• _Your instructions_
Repeat the records below exactly from the line containing "De moderne, L-vormige" to the line containing "With this Miniature", taking in both of those lines. Drop the pictures.

• _Listed records_
»»

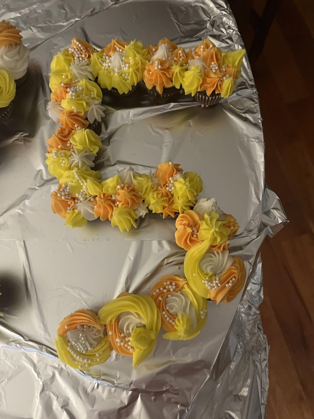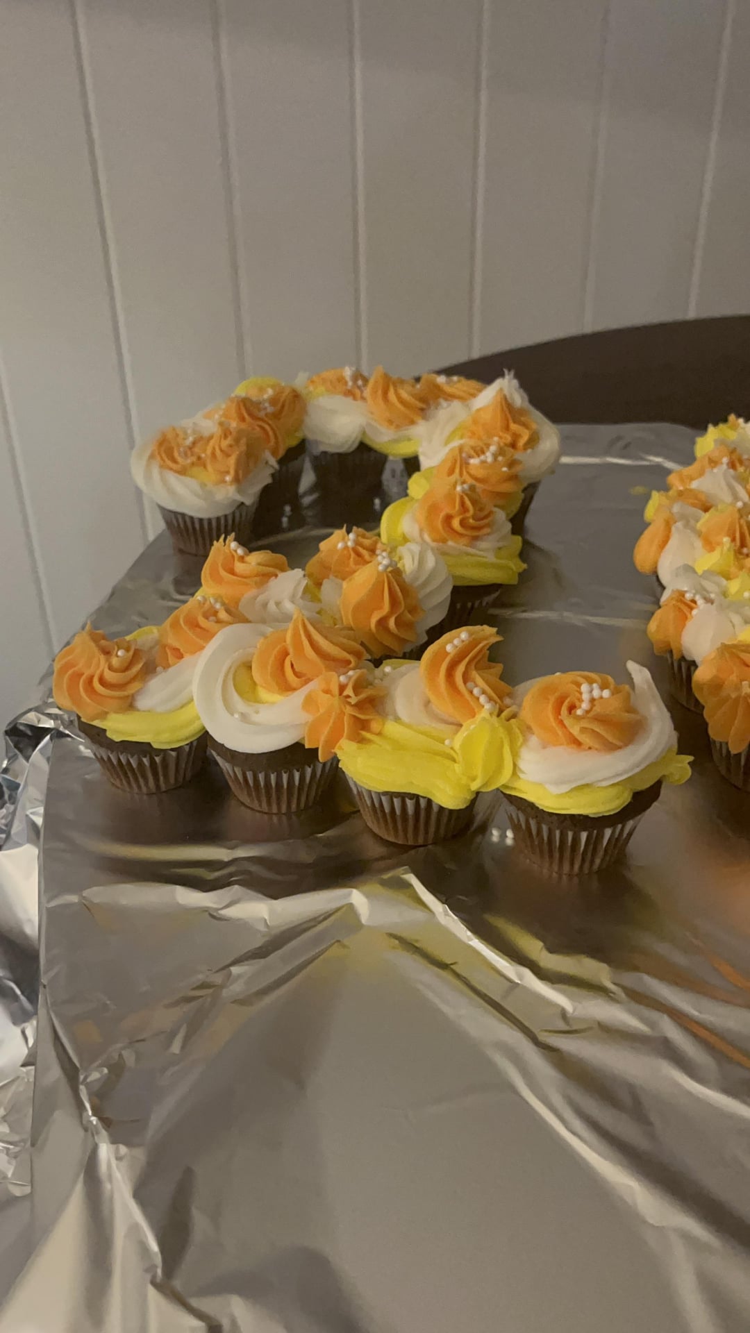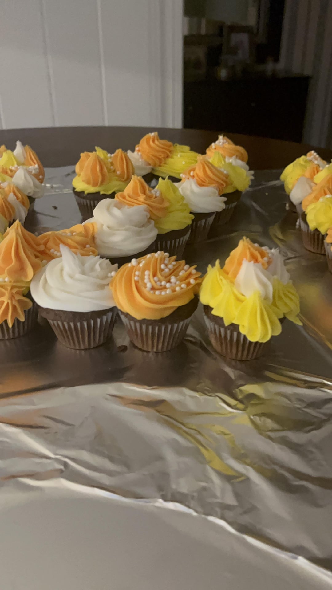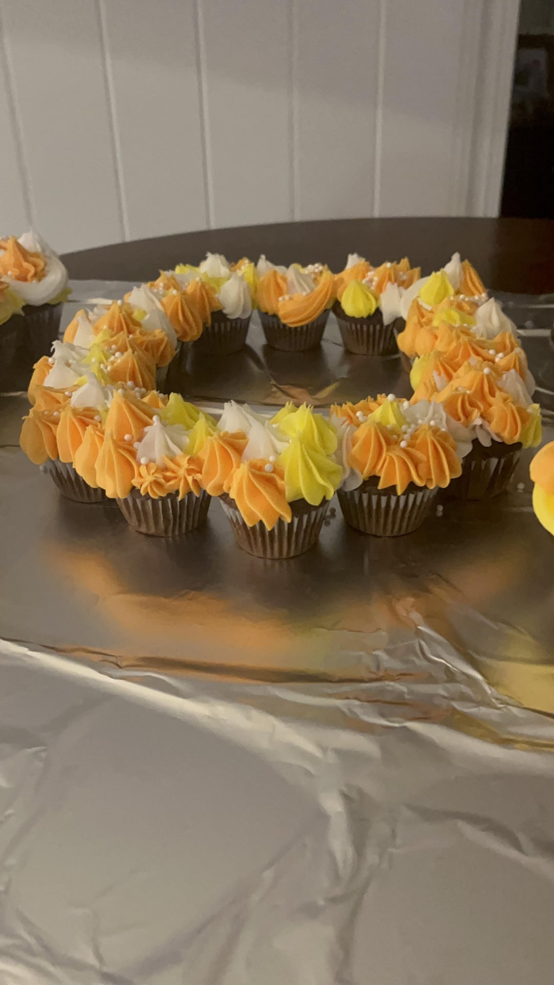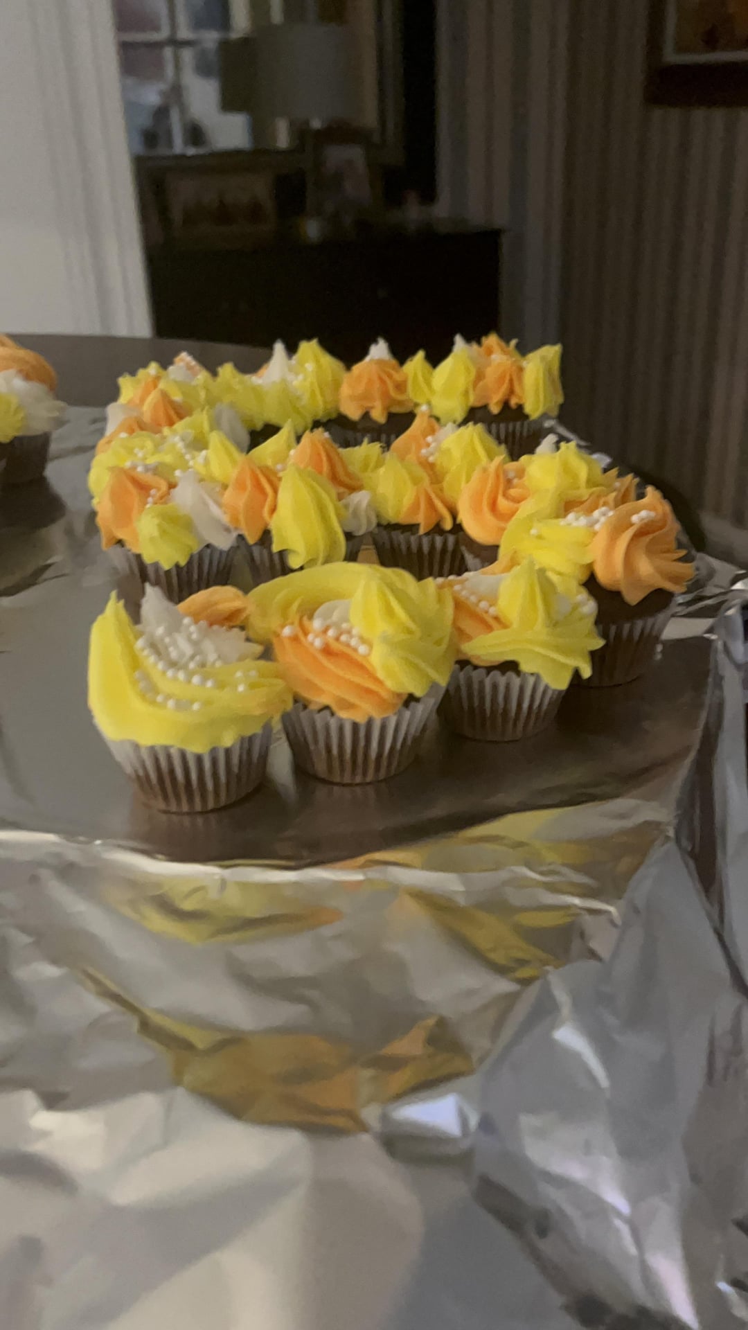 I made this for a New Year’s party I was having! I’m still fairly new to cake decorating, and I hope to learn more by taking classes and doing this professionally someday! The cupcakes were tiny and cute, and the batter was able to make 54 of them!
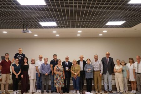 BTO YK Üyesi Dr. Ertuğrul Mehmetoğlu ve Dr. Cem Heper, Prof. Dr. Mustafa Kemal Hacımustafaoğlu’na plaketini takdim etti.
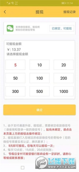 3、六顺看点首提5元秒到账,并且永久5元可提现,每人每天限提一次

««
»»

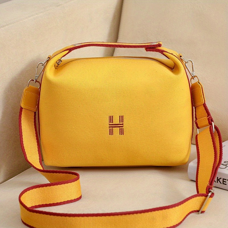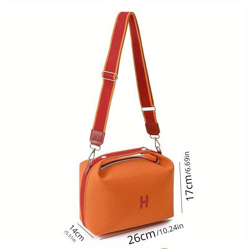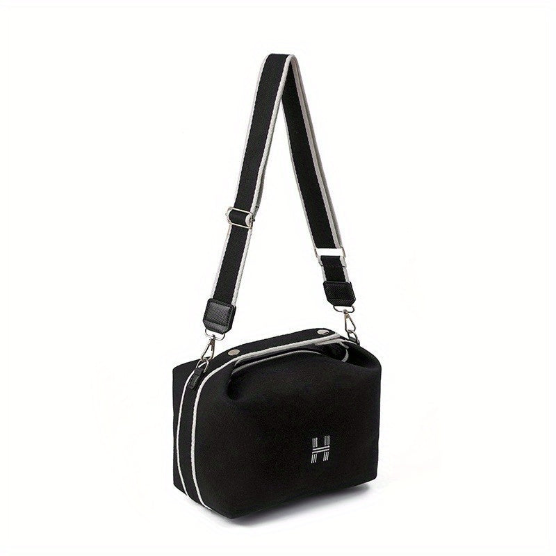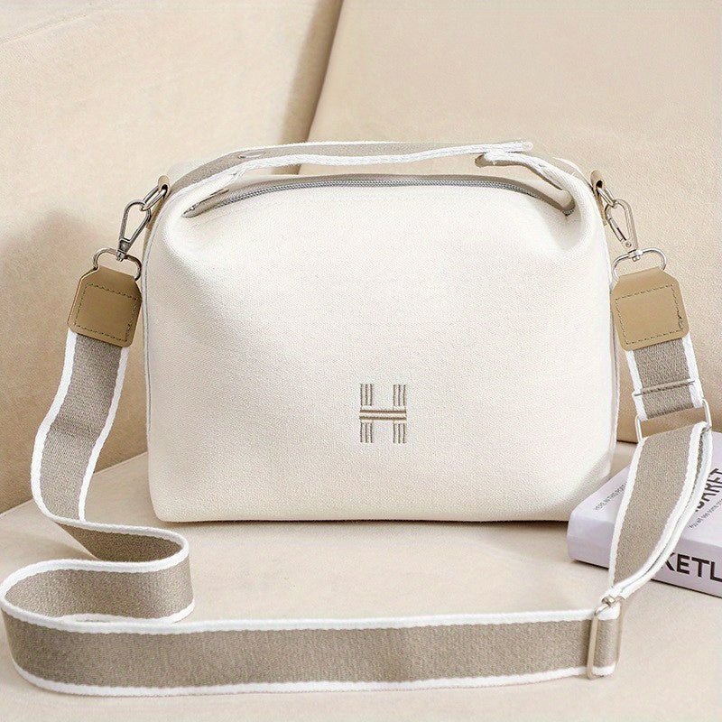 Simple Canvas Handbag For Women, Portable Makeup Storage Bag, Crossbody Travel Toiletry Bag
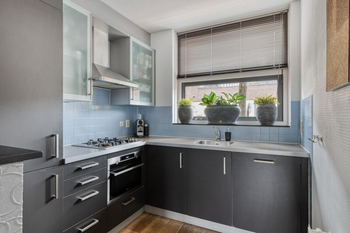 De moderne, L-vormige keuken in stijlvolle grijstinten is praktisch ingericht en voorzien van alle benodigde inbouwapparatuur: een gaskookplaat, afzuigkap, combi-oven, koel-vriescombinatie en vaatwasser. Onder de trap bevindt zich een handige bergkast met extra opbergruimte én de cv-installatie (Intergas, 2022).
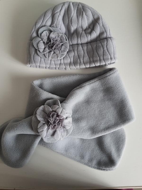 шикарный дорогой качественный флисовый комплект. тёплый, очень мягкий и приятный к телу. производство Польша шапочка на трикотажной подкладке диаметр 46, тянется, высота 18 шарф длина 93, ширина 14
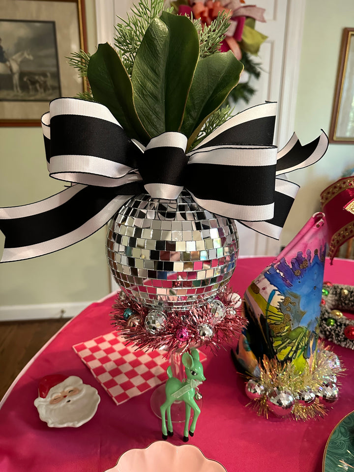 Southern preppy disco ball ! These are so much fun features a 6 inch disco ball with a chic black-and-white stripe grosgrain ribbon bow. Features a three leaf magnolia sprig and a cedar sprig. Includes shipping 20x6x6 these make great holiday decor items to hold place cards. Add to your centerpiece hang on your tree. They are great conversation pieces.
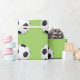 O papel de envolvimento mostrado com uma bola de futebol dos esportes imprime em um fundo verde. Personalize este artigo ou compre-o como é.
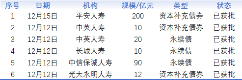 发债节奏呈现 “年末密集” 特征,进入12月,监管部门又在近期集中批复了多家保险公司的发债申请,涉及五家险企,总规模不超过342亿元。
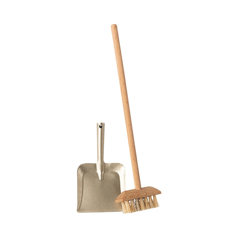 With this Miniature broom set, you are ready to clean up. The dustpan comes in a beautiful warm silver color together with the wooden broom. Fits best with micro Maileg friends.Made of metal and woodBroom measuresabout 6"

««
»»

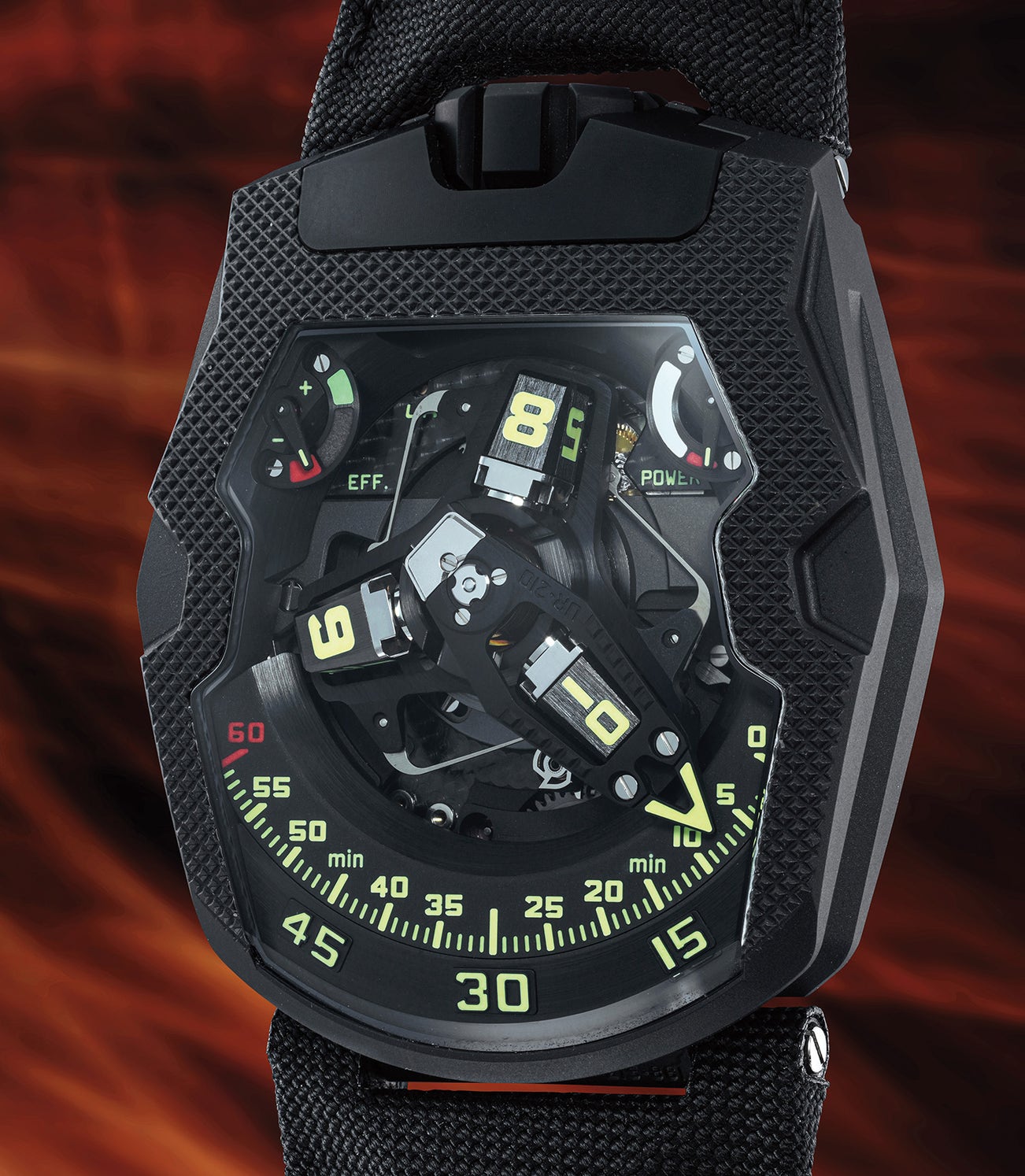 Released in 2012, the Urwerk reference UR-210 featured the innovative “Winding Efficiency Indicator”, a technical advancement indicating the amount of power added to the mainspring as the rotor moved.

««

• _Exercise response_
 De moderne, L-vormige keuken in stijlvolle grijstinten is praktisch ingericht en voorzien van alle benodigde inbouwapparatuur: een gaskookplaat, afzuigkap, combi-oven, koel-vriescombinatie en vaatwasser. Onder de trap bevindt zich een handige bergkast met extra opbergruimte én de cv-installatie (Intergas, 2022).
 шикарный дорогой качественный флисовый комплект. тёплый, очень мягкий и приятный к телу. производство Польша шапочка на трикотажной подкладке диаметр 46, тянется, высота 18 шарф длина 93, ширина 14
 Southern preppy disco ball ! These are so much fun features a 6 inch disco ball with a chic black-and-white stripe grosgrain ribbon bow. Features a three leaf magnolia sprig and a cedar sprig. Includes shipping 20x6x6 these make great holiday decor items to hold place cards. Add to your centerpiece hang on your tree. They are great conversation pieces.
 O papel de envolvimento mostrado com uma bola de futebol dos esportes imprime em um fundo verde. Personalize este artigo ou compre-o como é.
 发债节奏呈现 “年末密集” 特征,进入12月,监管部门又在近期集中批复了多家保险公司的发债申请,涉及五家险企,总规模不超过342亿元。
 With this Miniature broom set, you are ready to clean up. The dustpan comes in a beautiful warm silver color together with the wooden broom. Fits best with micro Maileg friends.Made of metal and woodBroom measuresabout 6"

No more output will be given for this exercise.